Now, don’t get me wrong; it’s a very good permaculture educational tool. There are lots of good ideas there for anyone interested in putting in a backyard permaculture system.
But Geoff keeps using that word, over and over and really, he should know better.
Sustainable means for a long time. A very long time. Millennia. Hundreds of millennia, even.
It’s not possible for anyone living in the here and now to claim that they’re living sustainably, because there’s no way future events can be forseen. Events that might cause a group of humans, or even our entire species to die out. Events like major climate change, for example.
Only if we leave descendants far into the future can they claim that we, their ancestors, lived sustainably. Because if you die out, you don’t leave descendants.
Similarly, going in the other direction, we can claim that our hunter-gatherer ancestors lived sustainably because we, their descendants, are here to prove it.
So, how do you define sustainable?
The best definition I’ve heard is the one we were taught in our permaculture design course:
“A system is sustainable if it produces more energy than it consumes, with at least enough surplus to maintain and repair itself during its lifetime.”
So, things and people can’t be sustainable. Sustainability applies to systems. And sustainability is about successful energy capture.
(Which is why I nearly had a cardiac arrest when I read in the morning paper recently, in an article relating to the carbon tax and how families can lower their carbon footprint, there was a family saying they’d “bought a more sustainable fridge”. Aaarrgh!)
And there’s another point. Tacking ‘more’ onto sustainable. You can’t be more or less sustainable. There are no degrees of sustainability. Either you are or you aren’t.

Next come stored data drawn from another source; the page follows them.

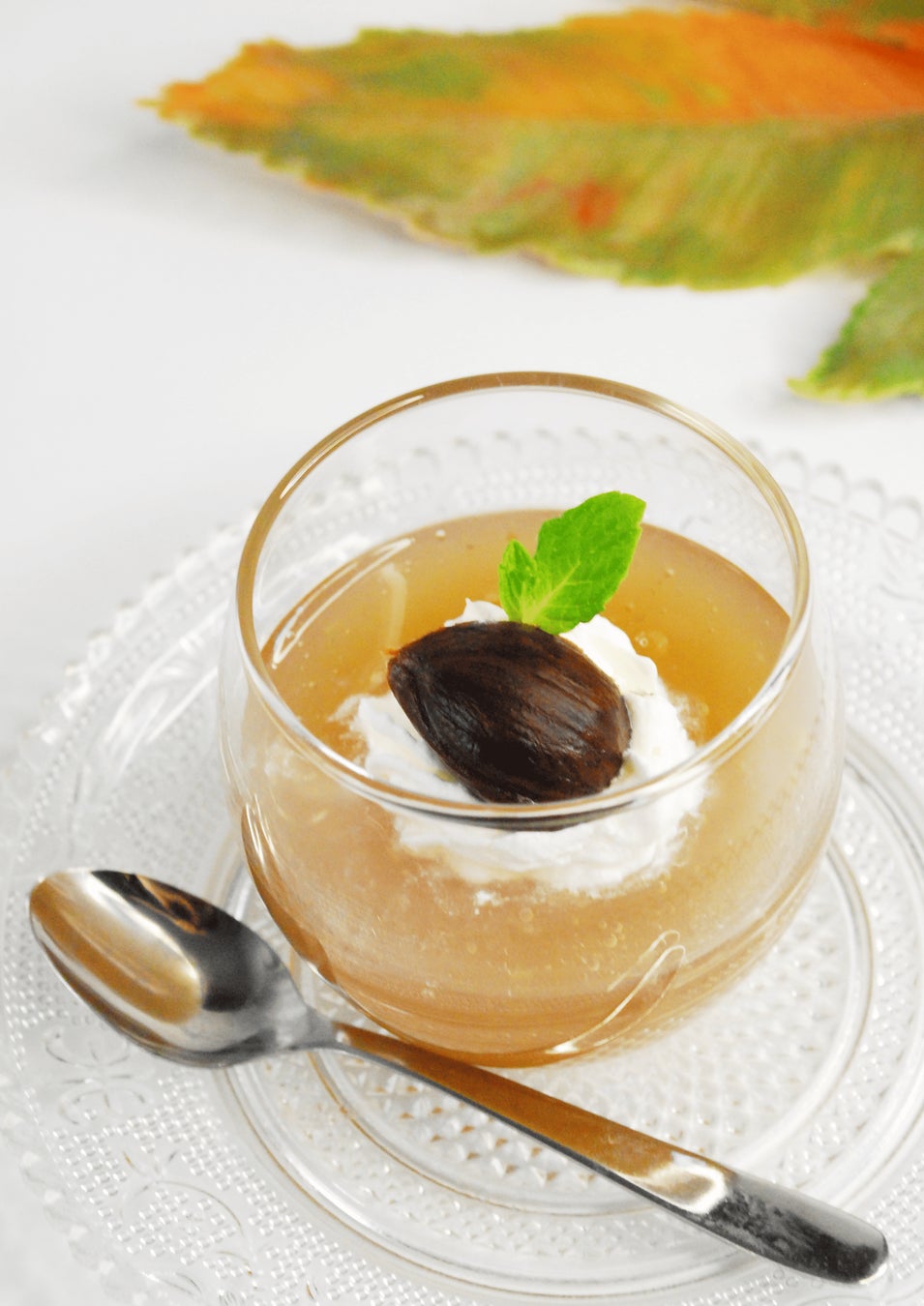 「和栗ソース(国産栗)」でひんやりゼリーを作りました。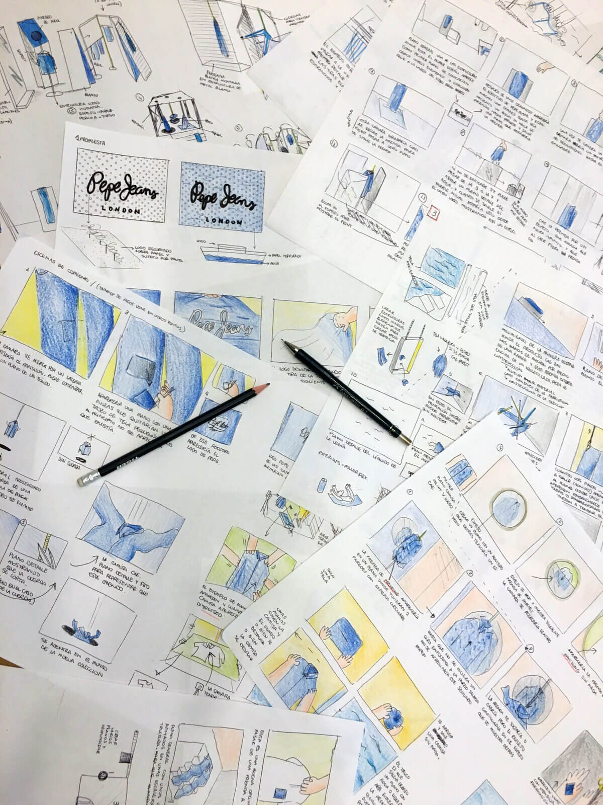Para este proyecto Studio Pomba creó el set design de las diferentes prendas vaqueras de la colección. Además, elaboró todo el storyboard de la pieza audiovisual.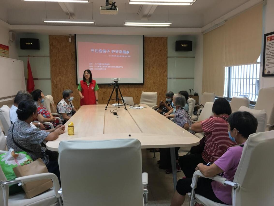 為進(jìn)一步提高老年人群體對(duì)非法集資等犯罪行為的防范意識(shí),2022年6月23日,我局于蓬江區(qū)居家養(yǎng)老服務(wù)中心開展以“守住錢袋子,護(hù)好幸福家”為主題的防范非法集資專題講座。會(huì)上,社工志愿者們向老年人們介紹養(yǎng)老領(lǐng)域非法集資的各類“套路”,教導(dǎo)長(zhǎng)者學(xué)習(xí)防范對(duì)策,提升長(zhǎng)者防范意識(shí),守好自己的養(yǎng)老“錢袋子”。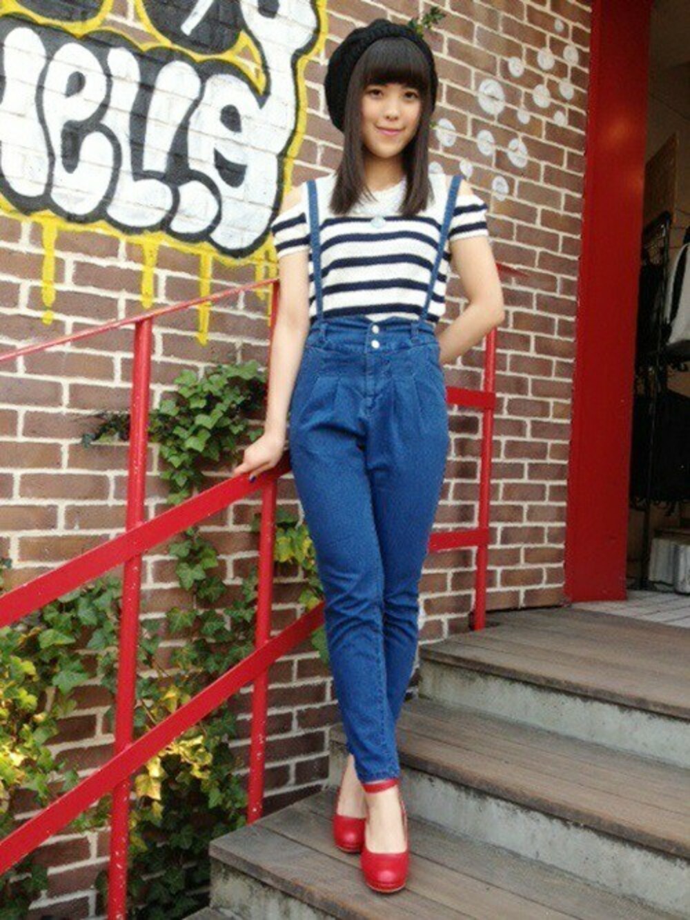 WEGO(WEGO STAFF)のデニムパンツ「WEGO/サスペンダー付ハイウエストタックパンツ」を使ったコーディネート

Either you can maintain your way of life for a very long time, or you die out.
Of course the big brain-dead no-no is tacking ‘growth’ onto sustainable. How many times have you heard the phrase ‘sustainable growth’?
Since it isn’t possible to be living sustainably if any part of that living relies on exploiting finite, non-renewable resources (like oil), or renewable ones at a greater rate than the renewal rate, and since no species can grow indefinitely on a finite planet, sustainable growth is an impossibility. An oxymoron. (I wonder if that’s because only a moron would believe in it?)
What people mostly mean when they say sustainable, is self-sufficient.
It makes much more sense to say, “I am trying to be more self-sufficient”, rather than, “I am trying to be more sustainable”, because that’s simply nonsense.
So please, watch how you use this latest buzz-word. In fact, don’t use it at all. Say self-sufficient, because that’s what you really mean.
And remember also, continued growth in a finite system is impossible. Either we stop it voluntarily, or nature will stop it for us.